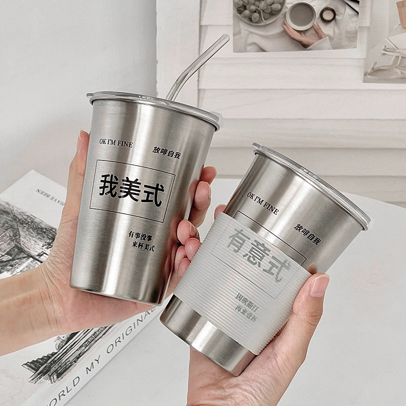 我美式咖啡杯304不锈钢随手杯ins风男女简约防摔随行杯双饮水杯子
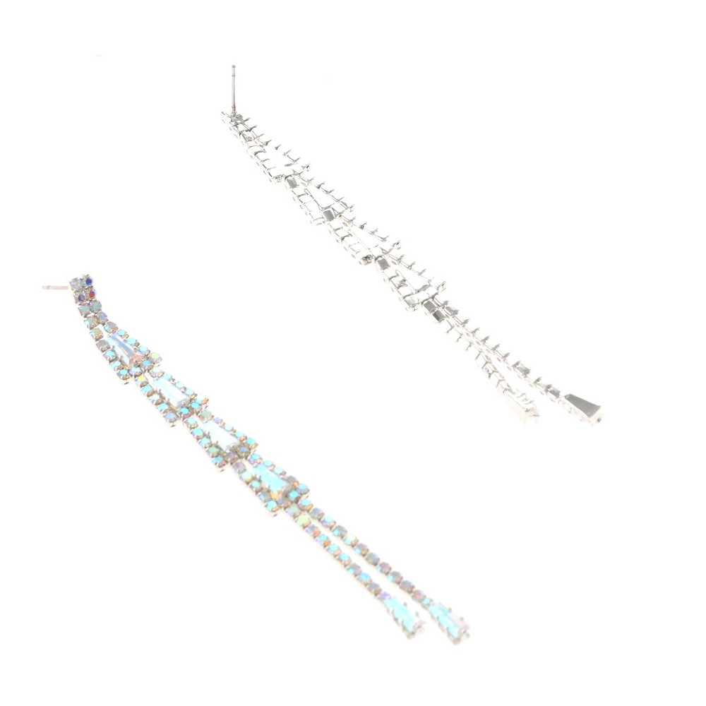 Silver Tone Metal Rhinestone Dangle Post Earrings / Cubic Zirconia / Approximate Size: 3.75" L x 0.35" W / Rhinestone / Metal / Lead & Nickel Compliant / Color: Silver & AB Condition: Brand New SKU: ESE1867-SAB Color: AB Design: All orders will ship from USA via UPS or USPS. We expect all local orders will receive the items within 7 business days or less depend the location. Worry free international shipment delay or custom duty fee.
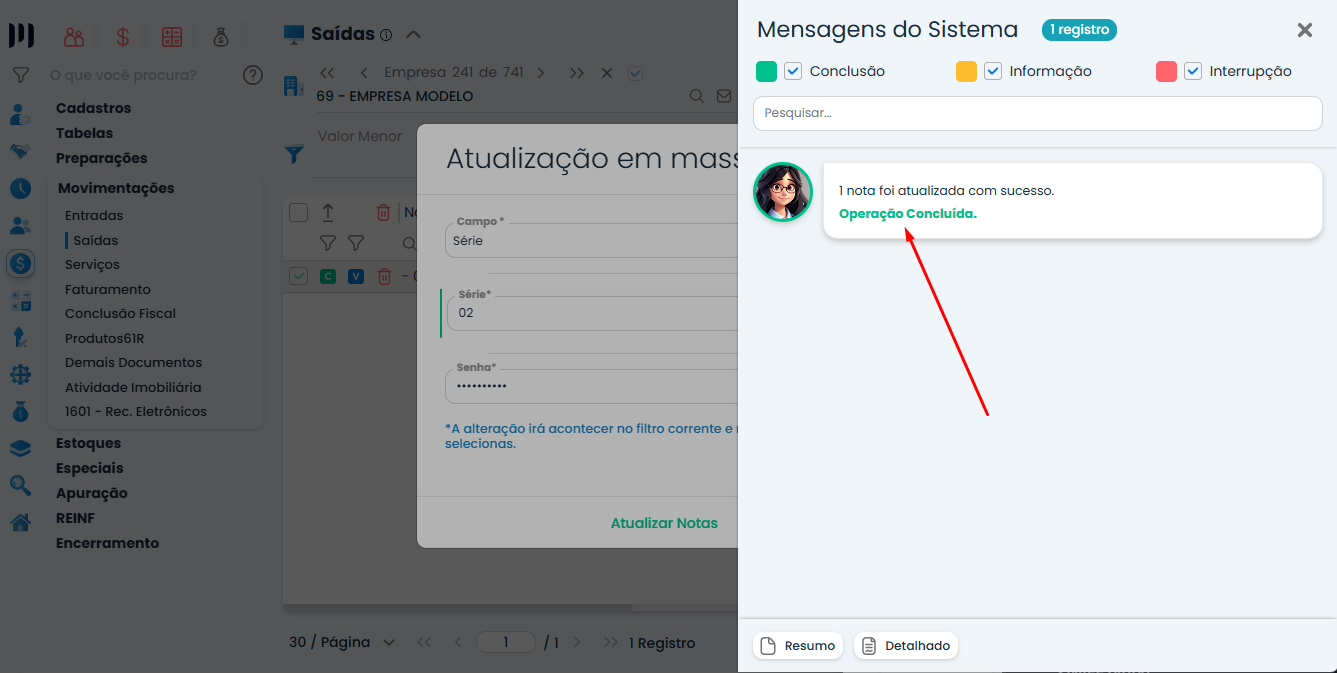 Após a confirmação da operação, o sistema apresentará uma mensagem informando que a atualização das Notas Fiscais foi realizada com sucesso.
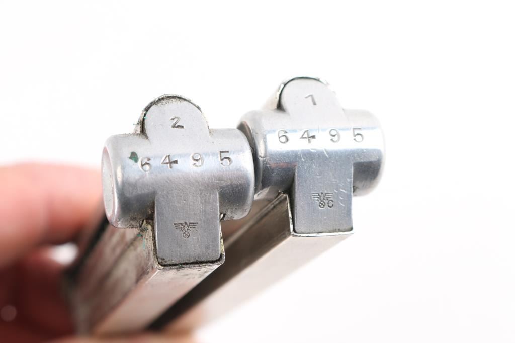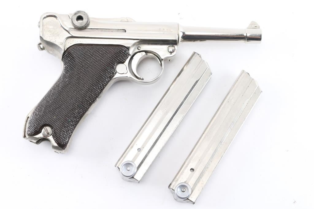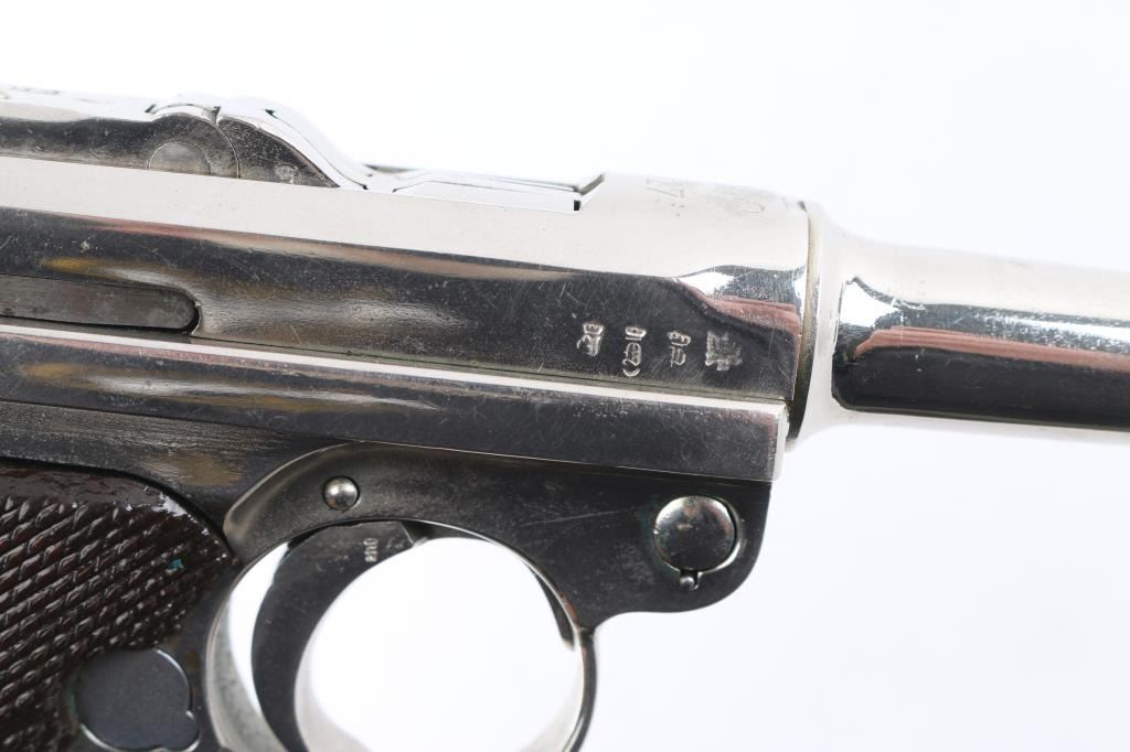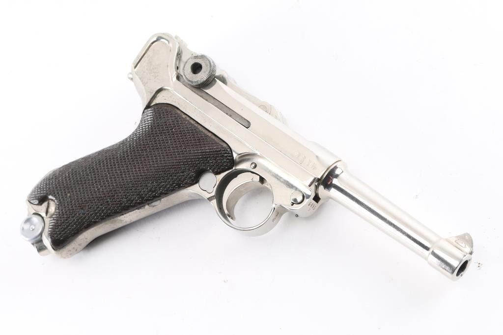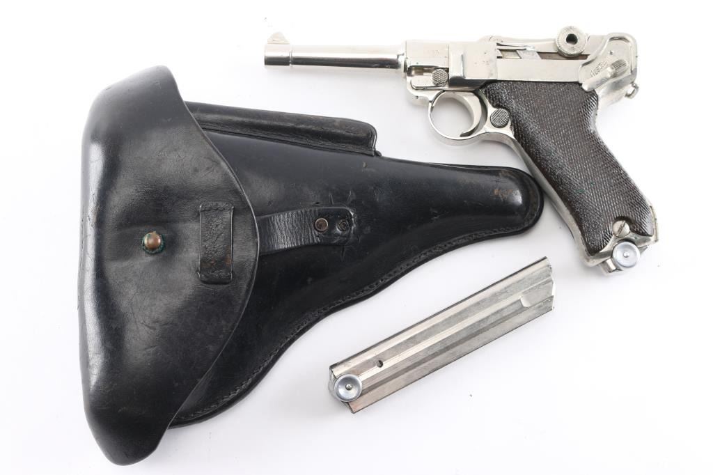SN: 6495g WWI 1917 production German Military Luger pistol, later property marked “1920” for the Weimar Era German military and eventually converted for Police use with added sear safety. Features a later nickel plated finish, 4" tapered barrel, dovetailed inverted V front sight, fixed v notch rear sight on the rear toggle link, smooth crescent trigger, knurled charging knobs on the rear toggle link, manual safety of the left side of the frame, sear safety, push button magazine release, Haenel 8 round magazine with aluminum base, steel frame with lanyard loop & stock lug, and brown painted checkered wood grips. All observed serial numbers are matching with the exception of the connecting pin (stamped “96”). Includes a spare Haenel magazine, both are marked “6495” & “[eagle]/c” and are also marked “1” & “2” respectively. Many parts also bear a “[crown]/RC” inspection mark and the front strap is unit marked but worn with what appears to be “P. 44”. Also includes a black leather flap holster marked “A.FISCHER/BERLIN C.2/1933” and “66506C5”. Pistol retains approximately 90% of its nickel plated finish with scattered losses and handling marks. The a is mechanically sound, the markings are good with some of the smaller proof marks washed out, the bore is bright with good rifling & scattered pin prick pitting and the wood grips are good with a brown painted finish & chip near the safety lever.Condition is NRA Good as Refinished.***C&R Firearm***
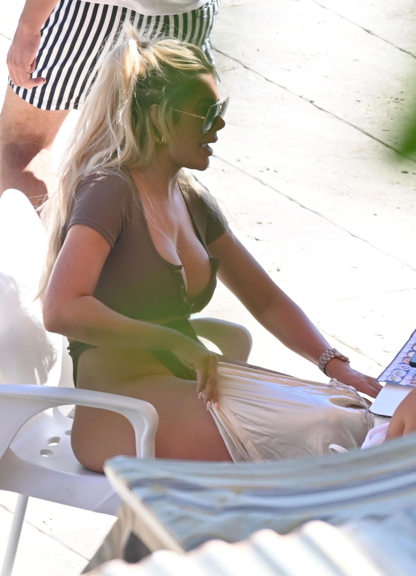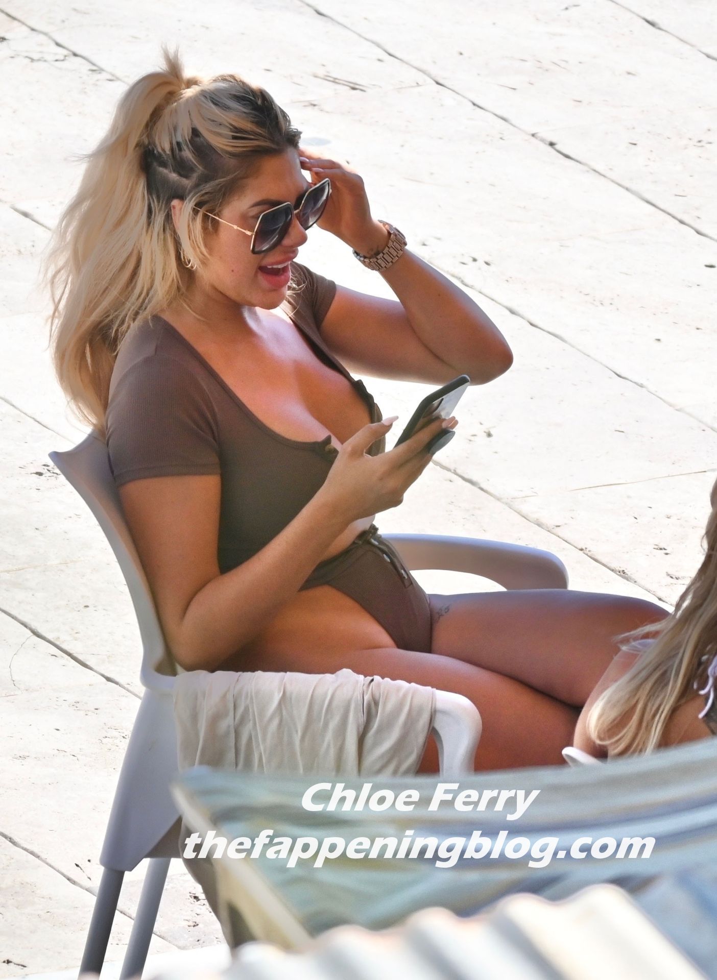 Chloe, que recentemente comemorou seu 25º aniversário, exibiu bastante decote em um top profundo, enquanto Bethan optou por um visual mais ousado e revelador, usando seu biquíni branco.
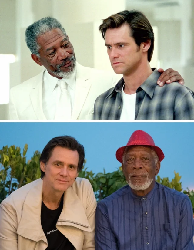Брюс и сам Всемогущий в «Брюсе Всемогущем» vs Джим Керри и Морган Фримен спустя 18 лет
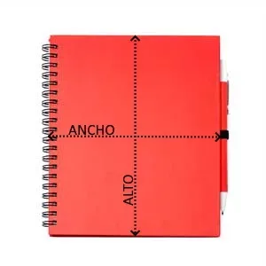 Libreta con espiral, compuesta por 70 hojas de papel liso y soporte para bolígrafo. Tapas rígidas y bolígrafo de cartón reciclado a juego.
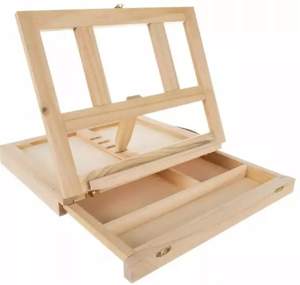Складається у компактну валізу, яка трансформується у повноцінний настільний мольберт із регулюванням нахилу (4 рівні) та тримачем для полотна. Має зручну шкіряну ручку для транспортування і надійні металеві застібки.
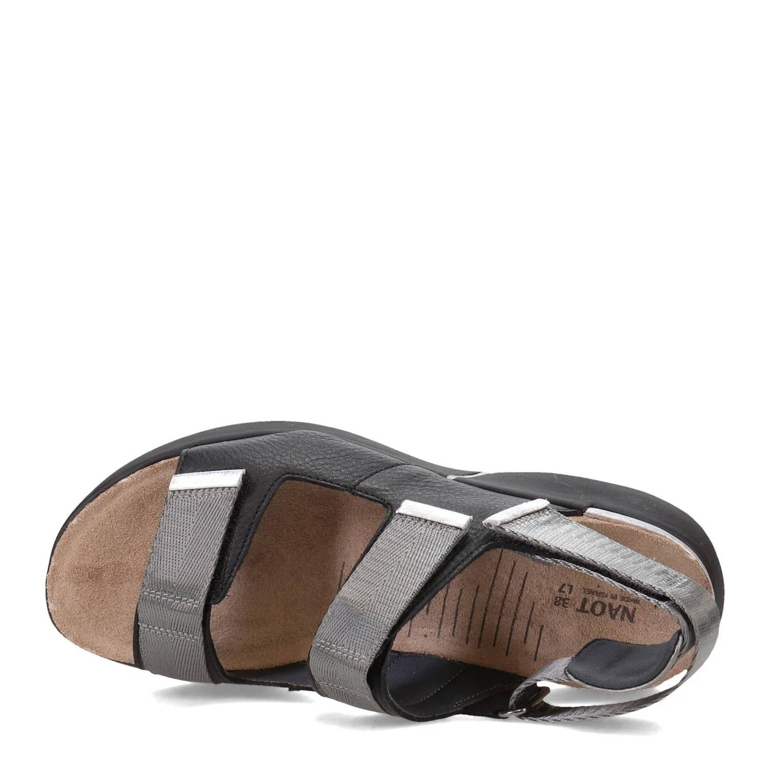 Step into effortless style with the NAOT Women's Odyssey Sandal, crafted for both comfort and elegance. This sandal in Soft Black/Silver features adjustable hook & loop straps and an open toe design for a custom fit. With uppers made from soft leather and a lightweight 1.5" rubber sole, it offers perfect arch support and true-to-size fit, recommending half sizes go up. The anatomic cork & latex footbed, wrapped in suede, molds to the foot for personalized comfort over time.
--*--
Activity =>
An exact copy of the lines above, from the first through the line that holds "Após a confirmação", is what is needed; leave the pictures out.

Response for this exercise =>
 我美式咖啡杯304不锈钢随手杯ins风男女简约防摔随行杯双饮水杯子
 Silver Tone Metal Rhinestone Dangle Post Earrings / Cubic Zirconia / Approximate Size: 3.75" L x 0.35" W / Rhinestone / Metal / Lead & Nickel Compliant / Color: Silver & AB Condition: Brand New SKU: ESE1867-SAB Color: AB Design: All orders will ship from USA via UPS or USPS. We expect all local orders will receive the items within 7 business days or less depend the location. Worry free international shipment delay or custom duty fee.
 Após a confirmação da operação, o sistema apresentará uma mensagem informando que a atualização das Notas Fiscais foi realizada com sucesso.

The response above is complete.